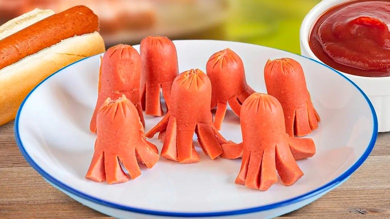 When it comes to hosting a barbecue, it's easy to come up with foods for the adults to indulge in, from grilled meats to all of the best BBQ sides. But, in many cases, you also need to come up with some dishes that the kids (and fun-loving adults) will love, too — and this is where the hot dog octopus comes in. The hot dog octopus is actually exactly what it sounds like: a cooked hot dog that is sliced so that it looks like an octopus.
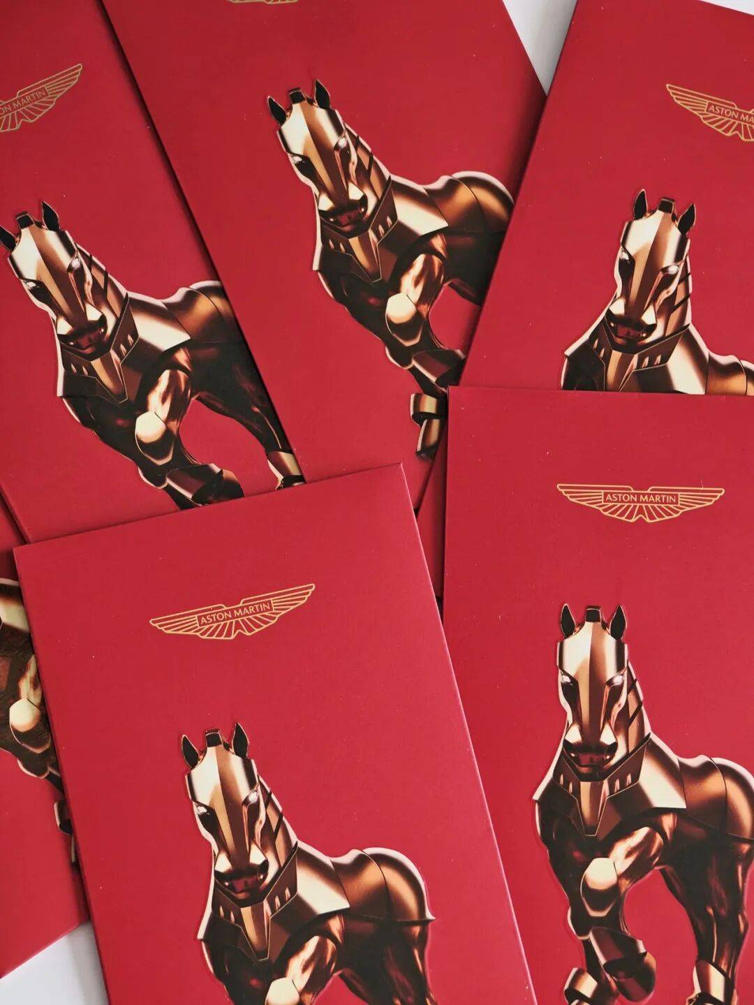 阿斯顿马丁的礼盒采用了品牌标志性的赛车绿,质感奢华。双开门的设计像是一台豪车的车门正缓缓开启,里面的惊喜非常多。红包上的金属质感战马线条流畅,充满了机械美学;而一只戴着绿色针织帽、背着小马鞍的马则萌态可掬,形成了有趣的反差萌。
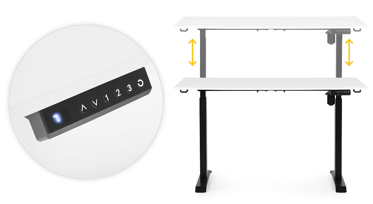 FULL CONTROL AT YOUR FINGERTIPSAn intuitive control panel with up/down buttons allows you to precisely adjust the height of the desk, and three numeric buttons allow you to save favorite positions. Additionally, you can set a reminder for position change every 30, 45, or 60 minutes, promoting healthy work habits.
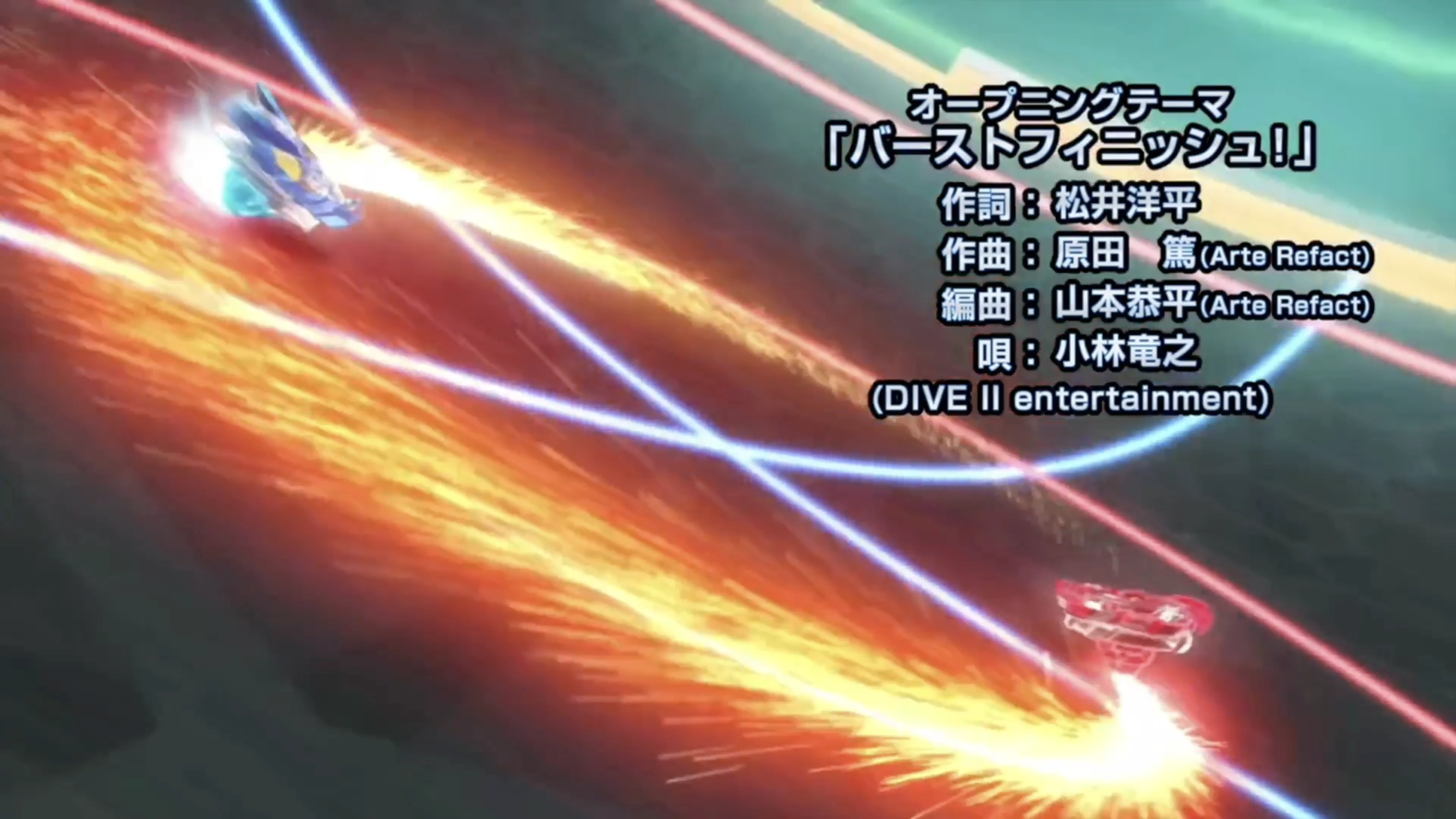 Burst Finish! is the Japanese opening theme to the Beyblade Burst series. It debuted alongside the first episode of the season, Let's Go! Valtryek!!. It is performed by Tatsuyuki Kobayashi.
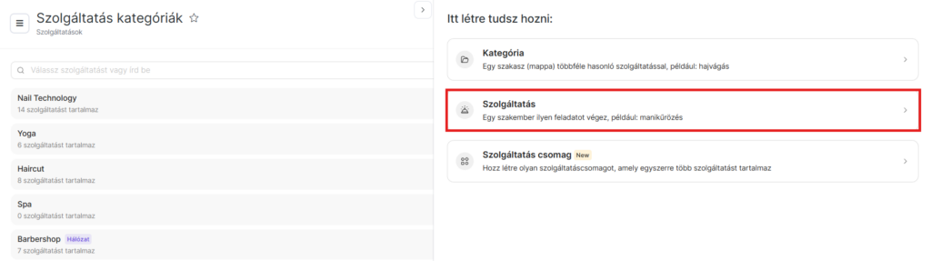 - Válaszd ki a szolgáltatás kategóriáját, például: Hajvágás. Alapértelmezés szerint az a kategória lesz kiválasztva, amelyben éppen létrehozod a szolgáltatást.
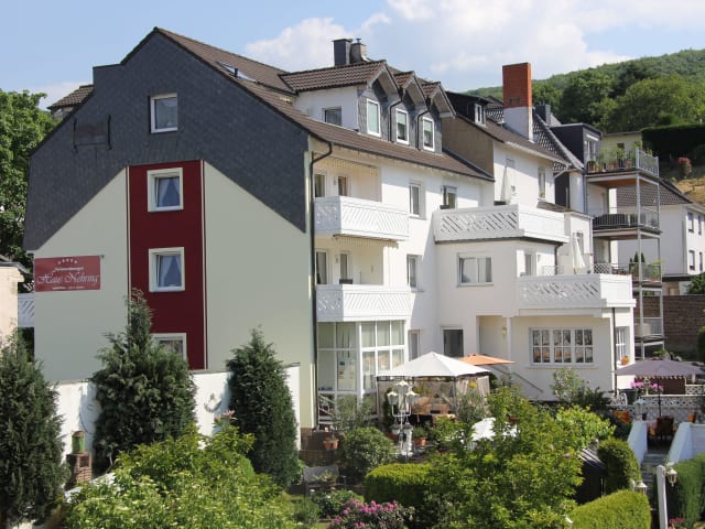 Wir befinden uns mitten im Kurzentrum von Bad Neuenahr, gegenüber der Ahr-Termen. Innenstadt, Kurpark, Spielbank, Tennisplätze und ein kombiniertes Frei - und Hallenbad sind in wenigen Minuten zu Fuß erreichbar.
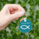 En enda kristen nyckelkedja med fisksymbol som man kallar Jesus Fisk, som också kallas Ichthys Fish och text som du kan anpassa, kommer att anpassas efter din egen religiösa eller inspirerande trosbudskap.
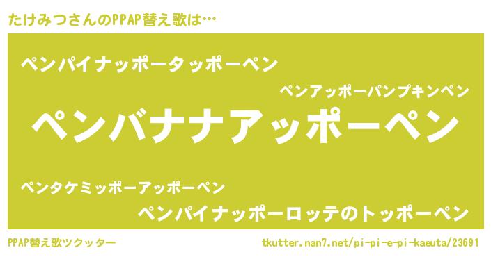 | 男性向けラノベタイトル風あだ名 | 『この素晴らしい世界にたけみつを!』 |
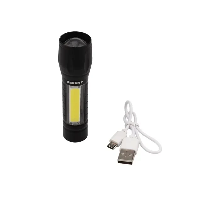 Универсальный фонарь REXANT с мощным основным и боковым светом предназначен для походов, для ремонтных мастерских, а также в качестве рабочего фонаря под различные работы. Отлично подходит для использования на привале и на даче. 3 режима свечения: основной свет, боковой свет, а также пульсирующий. Прочный алюминиевый противоударный корпус защитит фонарь от повреждений при случайном падении. В комплект поставки входит USB кабель, который позволяет осуществлять зарядку от любого порта USB 5 В DC в автомобиле, либо через блок питания от сети 220 В. Внимание! Не включайте фонарь во время зарядки.
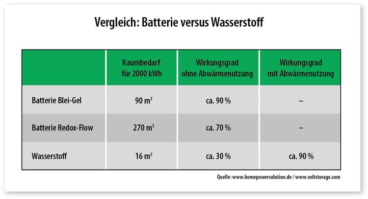 Dabei entsteht Abwärme, die für den Brauchwasserspeicher genutzt wird. Der Wasserstoff wiederum wird über eine Leitung in Stahlbehältern gesammelt, die in einem kleinen Häuschen im Garten stehen. Auf diese Weise lässt sich die Sonnenenergie über Monate hinweg speichern und schließlich in den dunklen Wintermonaten nutzen – eben dann, wenn die Nachbarhäuser ihren Strom aus dem Netz beziehen müssen, weil ihre mit PV-Modulen gepflasterten Dächer keine nennenswerten solaren Gewinne mehr erzielen können.
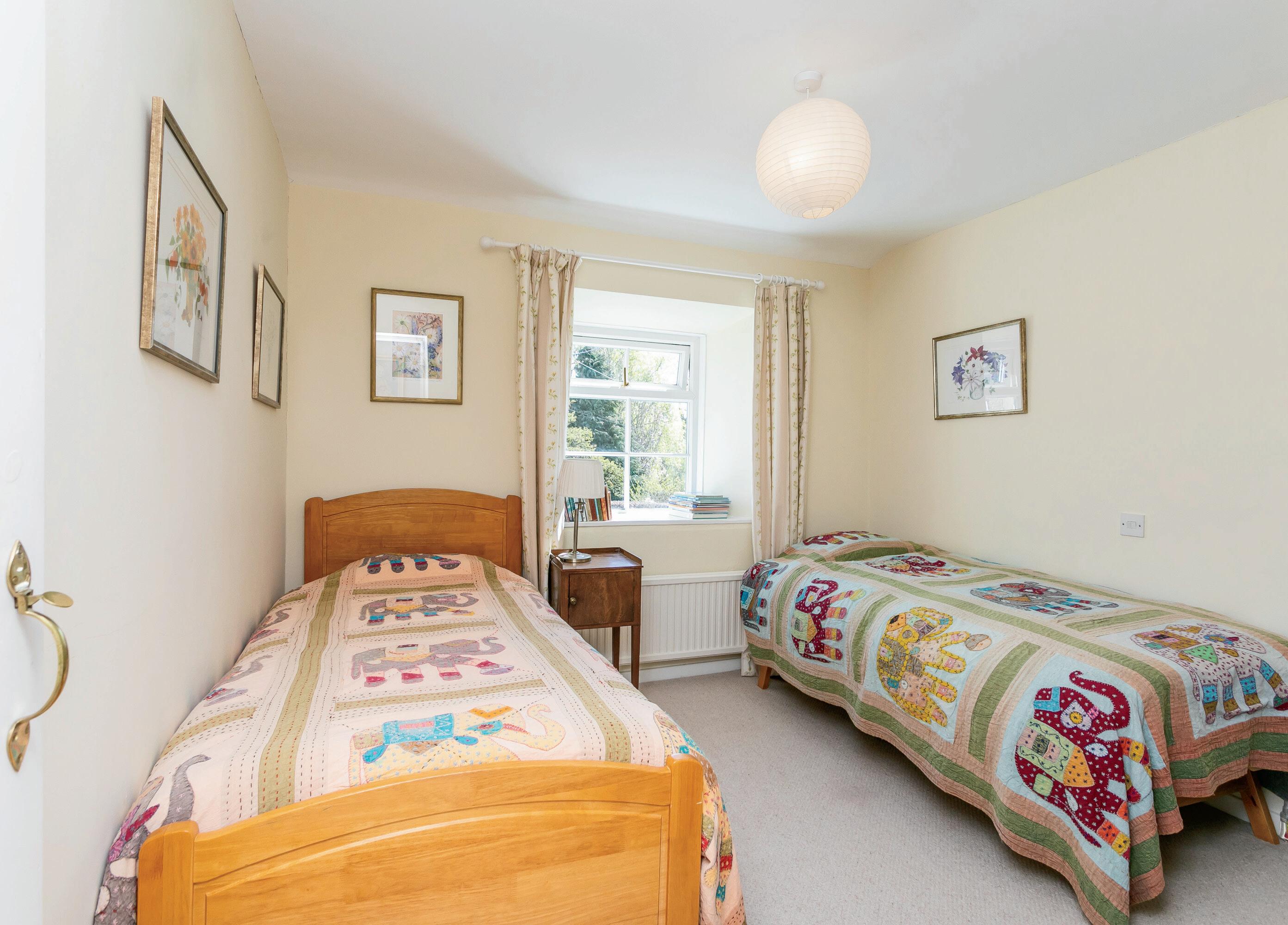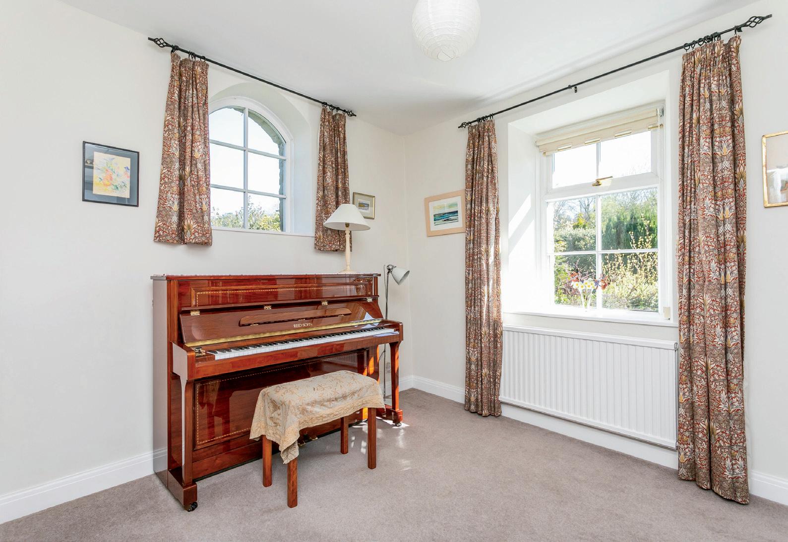 The music room has served many purposes over the years; hobbies room, study, even an overflow bedroom. There’s a wooden mantelpiece above an electric freestanding Dimplex stove and dual aspect, including a charming arched window on the gable end.
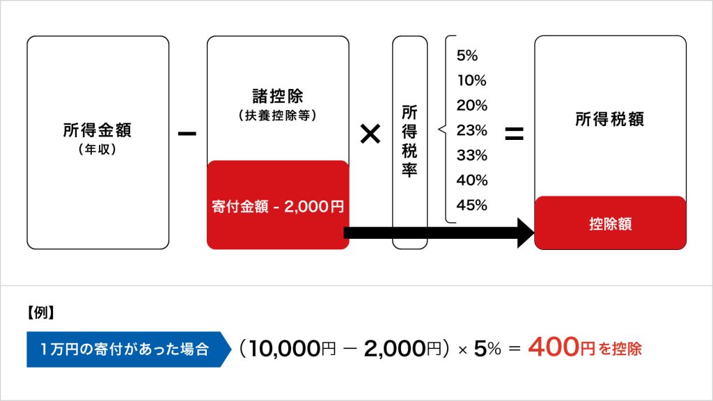 (寄付金額-2,000円)×税率5%から45%=寄付金控除額
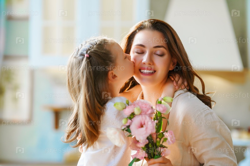 Дочь дарит матери букет цветов
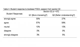 As indicated in Table 3a-c, student reaction to pesticide POGIL is positive. About three quarters of students either agreed or strongly agreed that the unit helped make the material more interesting, and helped them better understand some of the concepts in the pesticide unit. Student response to biodiesel POGIL session is summarized in Table 4 below (only from section 02, data for the other section is lost due to technical problem with clicker software).

——————

WORK ITEM:
Your answer should be the exact lines above from the one containing "阿斯顿马丁的礼盒采用了品牌标" through the one containing "Универсальный фонарь REXANT", with both end lines kept and the pictures removed, please.

SOLVED PROBLEM:
 阿斯顿马丁的礼盒采用了品牌标志性的赛车绿,质感奢华。双开门的设计像是一台豪车的车门正缓缓开启,里面的惊喜非常多。红包上的金属质感战马线条流畅,充满了机械美学;而一只戴着绿色针织帽、背着小马鞍的马则萌态可掬,形成了有趣的反差萌。
 FULL CONTROL AT YOUR FINGERTIPSAn intuitive control panel with up/down buttons allows you to precisely adjust the height of the desk, and three numeric buttons allow you to save favorite positions. Additionally, you can set a reminder for position change every 30, 45, or 60 minutes, promoting healthy work habits.
 Burst Finish! is the Japanese opening theme to the Beyblade Burst series. It debuted alongside the first episode of the season, Let's Go! Valtryek!!. It is performed by Tatsuyuki Kobayashi.
 - Válaszd ki a szolgáltatás kategóriáját, például: Hajvágás. Alapértelmezés szerint az a kategória lesz kiválasztva, amelyben éppen létrehozod a szolgáltatást.
 Wir befinden uns mitten im Kurzentrum von Bad Neuenahr, gegenüber der Ahr-Termen. Innenstadt, Kurpark, Spielbank, Tennisplätze und ein kombiniertes Frei - und Hallenbad sind in wenigen Minuten zu Fuß erreichbar.
 En enda kristen nyckelkedja med fisksymbol som man kallar Jesus Fisk, som också kallas Ichthys Fish och text som du kan anpassa, kommer att anpassas efter din egen religiösa eller inspirerande trosbudskap.
 | 男性向けラノベタイトル風あだ名 | 『この素晴らしい世界にたけみつを!』 |
 Универсальный фонарь REXANT с мощным основным и боковым светом предназначен для походов, для ремонтных мастерских, а также в качестве рабочего фонаря под различные работы. Отлично подходит для использования на привале и на даче. 3 режима свечения: основной свет, боковой свет, а также пульсирующий. Прочный алюминиевый противоударный корпус защитит фонарь от повреждений при случайном падении. В комплект поставки входит USB кабель, который позволяет осуществлять зарядку от любого порта USB 5 В DC в автомобиле, либо через блок питания от сети 220 В. Внимание! Не включайте фонарь во время зарядки.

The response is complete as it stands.